If there is a way to re-write the script to make this work or some thing else, please let me know.


thanks!

MacBook Air, macOS High Sierra (10.13)

Posted on Nov 30, 2017 5:22 AM

Reply
6 replies

Nov 30, 2017 6:13 AM in response to brycesteiner

Any chance you can post this script?


It seems that whatever system call it makes to get the files is returning the results unsorted. I don't think this to be APFS caused, just some change in some routine that is being called.


Using shell scripts with wildcard expressions, such as "*.jpg", the results always come sorted.

I believe that depends on how the underlying shell works, and both bash and tcsh provide sorted results.


I also tried something similar using Python, and the results did NOT come sorted.

Nov 30, 2017 9:29 AM in response to brycesteiner

brycesteiner wrote:


here is an update:


If I put it on my Mac Mini server (runs 10.12.6 with HFS format, SMB sharing), the CSV is correct on the High Sierra computer.

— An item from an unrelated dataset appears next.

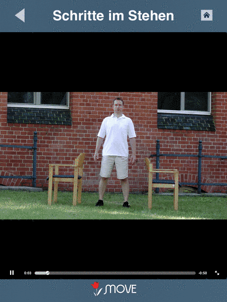 Viel Aufmerksamkeit wurde in der App den Übungen zur Beweglichkeit gewidmet. In Zusammenarbeit mit einem auf Parkinson-Therapie spezialiserten Physiotherapeuten wurden in der Parkinson- Fachklinik Beelitz-Heilstätten Videos erstellt, die anhand von 21 Übungen aufzeigen wie Patienten mit einfachen Mitteln und im heimischen Umfeld ihr Training gestalten können. Kraft, Kondition, Gehen spielen dabei eine genauso große Rolle wie Feinmotorik und Gleichgewicht. Als Kulisse wurden Außenan – lagen genutzt um dazu anzuregen, viele Übungen im Freien auszuführen. Die Videoreihe wird zukünftig erweitert um Beispiele für Übungen in der Wohnung und Anwendung von Hilfsmitteln. Anregungen aus dem Kreis der Patienten, Angehörigen und Therapeuten sind willkommen. (Abb. 2 und 3)
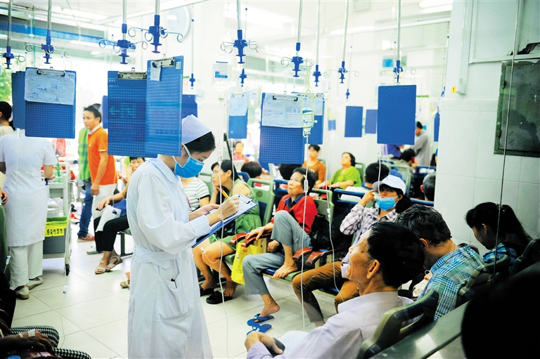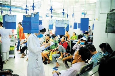 据了解,海口市内多家三甲医院日门诊输液量在200到300人次左右,天气变化高峰时会更多。

So far it happens only when the script processes a folder on the APFS volume.


That is significant.

As I see it, the script relies on the getFiles() function.

Since you tested this on two High Sierra machines, it does seem that APFS makes a difference.


I did a little test myself. I made two identical copies of a directory "test", one in my APFS system drive, and one on an HFS+ external drive. I used Python's os module to produce a list of files in each case:


os.listdir()


The results are consistent with your findings. The list came sorted in the HFS+ directory, and unsorted in APFS.


I guess that at least for now the only immediate solution is to do the sorting in your script.

I am sure there are library functions for doing it, but I am not familiar with javascript.

A quick google search is bound to provide answers.